True, but incomplete.  Holes need not be square, let alone 1x1 monominoes.

There is a 13-omino which is the smallest lattice animal with
self-avoiding perimeter to have two holes (both monomino). Total
perimeter = 16 + 2*4 = 24. Topology is rooted tree with two vertices
each connected to the root.

There is a 18-omino which is the smallest lattice animal with
self-avoiding perimeter to have three holes (all monomino). Total
perimeter = 20 + 3*4 = 32. Topology is rooted tree with 3 vertices
each connected to the root.

There is a 21-omino which is the smallest lattice animal with
self-avoiding perimeter to have 4 holes (all monomino). Total
perimeter = 20 + 4*4 = 36. Topology is rooted tree with 4 vertices
each connected to the root.

These, above, are in your subset. But also:

There is a 16-omino which is the smallest lattice animal with
self-avoiding perimeter to have a square hole (3x3) which itself
contains a hole (monomino).

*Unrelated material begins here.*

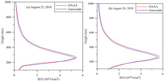 The comparison of the reconstructed profiles by DAAA with those recorded by ionosonde station located at Wuhan. (a) 25 August 2018; (b) 26 August 2018.

Total perimeter = 20 + 12 + 4 = 36.
Topology is rooted tree with leaf vertex connected to middle vertex
connected to the root.

There is a 24-omino which is the smallest lattice animal with
self-avoiding perimeter to have a square hole (5x5) which contains an
island (3x3) which itself contains a hole (monomino). Total perimeter
= 28 + 20 + 12 + 4 = 64. Topology is rooted path of 4 vertices.

I misspoke in saying that these are homomorphic into trees.  I mean
rooted trees.